Although not yet profitable as a business, Toast have pledged that all profits, when they appear, will go to the Feedback charity, thus using the process to tackle not just wasted bread, but food waste as a whole.

“We’d love to put ourselves out of business – the day there’s no waste bread, we’ll no longer have a need to exist.  [We] prioritise redistribution of surplus. When we source bread from sandwich makers and bakeries, we check if the bread could be given to food charities instead. Often there is more surplus bread than charities can take and it’s difficult to transport and store food that is perishable.  Only when this is not possible do we take the bread to make into beer.”

To help tackle bread waste in the home, Toast have made their recipe available for the home brewer.

“The resurgence in home-brewing, reflecting the huge growth in the craft beer market, means we can all get involved.
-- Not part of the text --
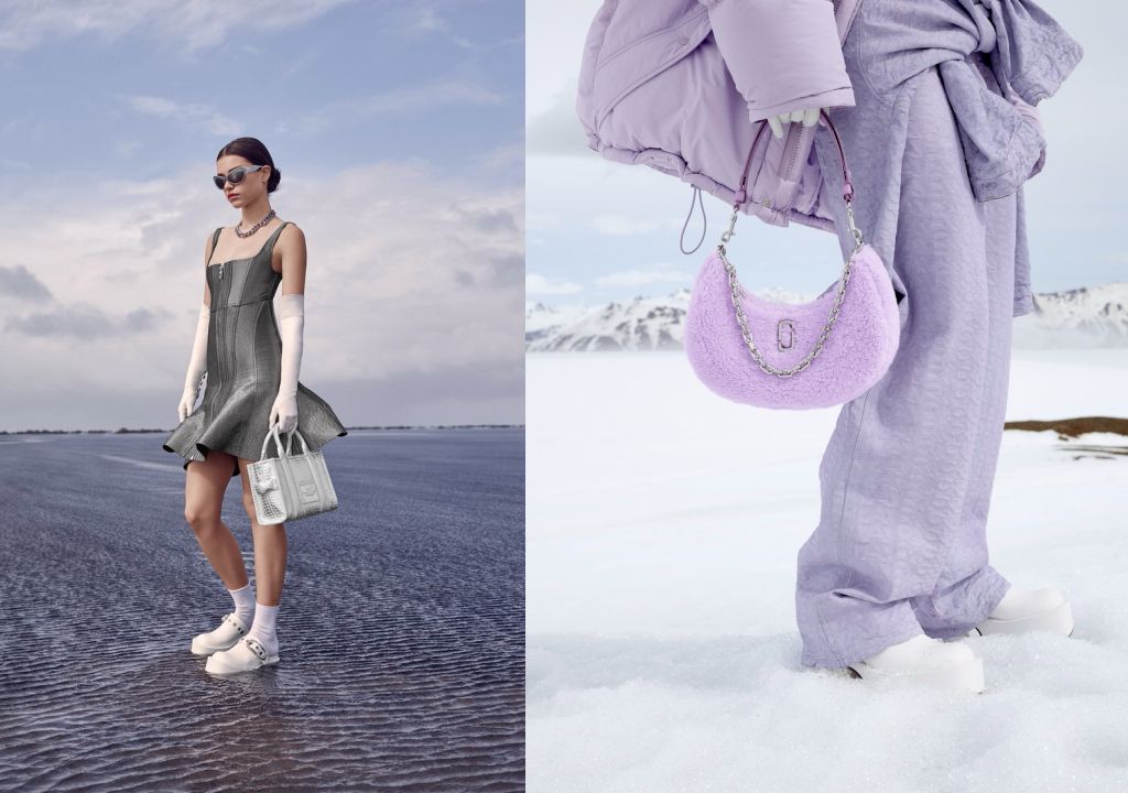 MARC JACOBS在冰島南部拍攝秋冬形象照,模特兒穿著秋冬服飾踩著黑色沙灘,背景襯著覆蓋皚皚白雪山景與浪花激盪絕美冰川,透過攝影師Nick Newbold鏡頭,蓬鬆與流動線條設計的秋冬服飾層疊穿搭,與壯觀山巒冰河交織成迷人的視覺饗宴。

We waste huge amounts of bread in our homes and not everyone wants to make bread and butter pudding.”

They hope to have a greater indirect impact by creating a social enterprise model that reinvests all profits in ending food waste through funding Feedback’s campaigning work.  They are inspiring other businesses to see value in ‘waste’, and have seen many companies move into this area, including bread beer in particular, and expect some big players to do so this year.  Toast also hope that greater consumer awareness, driven by themselves, other businesses, and Feedback’s campaigning, will lead to greater pressure for change.

This change is already beginning.  Celebrity chefs have taken up the cause, bringing it more into the public eye, and the supermarkets are reacting.  Tesco has pledged that no edible food will go to waste by March 2018.  If the industry doesn’t go far enough, there will be government pressure for them to do so (a select committee has already made recommendations for changes).  Though this is by no means a full solution.

“Of course, we have to ensure the problem is not just exported – currently huge amounts of waste occurs in the supply chain due to cosmetic standards set by supermarkets. We’ll be watching and Toasting achievements whilst continuing to support efforts to expose and change bad practices.”

Toast’s thinking around food waste and sustainability also informs other aspects of their business and brewing.

“We’ve tried to make our production process as environmentally friendly as possible. Our brewery partner has onsite wind turbines that power the brewery, a bore hole to extract water, and sources barley from local farms. The spent grain goes to animal feed rather than landfill.  However, glass bottles remain after the beer has been enjoyed. We encourage people to recycle at home. In the UK, we recycle 60% of our glass – we’d love that to be 100% for Toast and would like to see a deposit scheme introduced.  We have also started kegging. Soon you’ll be able to enjoy a pint (or half) in your local without any glass bottles being involved (and the kegs are re-used).”

Toast are strong believers in the importance of making the world a better place – tackling environmental destruction and social inequality – with a positive attitude.

“People will only change their behaviours if the alternatives are more appealing. We think we’ve found a way of doing something really positive whilst having fun, and we want to share that with the world.”